気管支形成術

肺がんに対する気管・気管支形成術とは

肺がんに対する根治手術はがんが占拠する肺葉を切除することです。しかし、肺がんが気道やその近く、また、肺動脈に接して出来た場合、片肺全部の切除(全摘術)が必要になることがあります(図1)。

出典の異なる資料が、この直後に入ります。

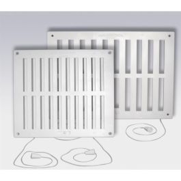 AIR CONTROL Schuifroosters met of zonder vliegengaas, afsluitbaar. Kunststof schuifroosters met koord en schuif, inclusief schroeven. Leverbaar in wit en bruin.
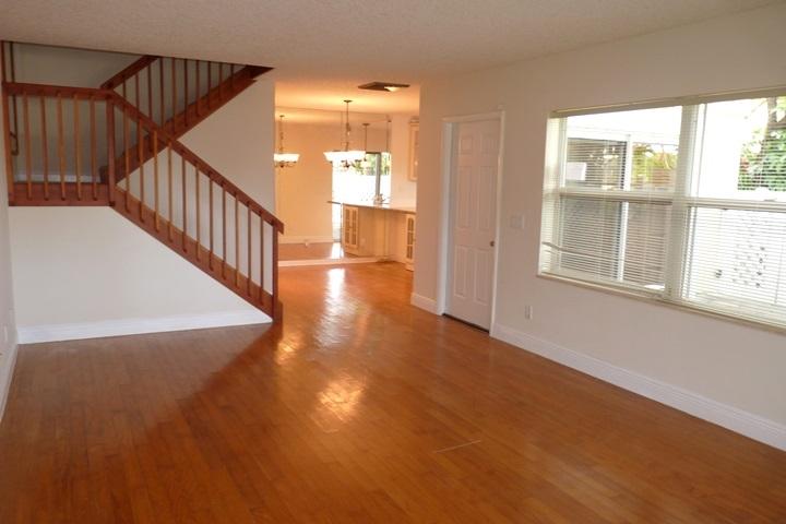 2 story townhome with fenced courtyard entry. This is the perfect starter home and located in a gated community with pool and playground. Fresh interior paint throughout. 1st floor has all wood flooring and stairs and 2nd floor have brand new carpeting. The kitchen features granite countertops and upgraded cabinetry with stainless steel appliances. This is double master bedroom model with both bedrooms having a private bathroom. Central vacuum system, newer A/C system and all windows have roll up shutters for easy storm prep. Easy showings anytime!

片肺となった場合、日常生活に支障をきたすことがあったり、また、もともと肺機能が悪い場合は手術が適応されないこともあります。このような肺がんに対して、根治性を確保(がん病巣を完全に切除)し、かつ、可能な限り肺機能を温存して術後の生活の質(QOL=クオリティ・オブ・ライフ)を維持出来るように考案された手術が気管・気管支形成術です。この手術は、がん病巣が残らないように術中に切除断端の顕微鏡検査(術中迅速病理検査)を十分に行うこと、また、口径差のある気管・気管支の血流を維持し緊張を緩和した状態で吻合したり、温存する肺への血流を確保するため肺動脈形成術を併用する場合があったり、高い技術が必要です。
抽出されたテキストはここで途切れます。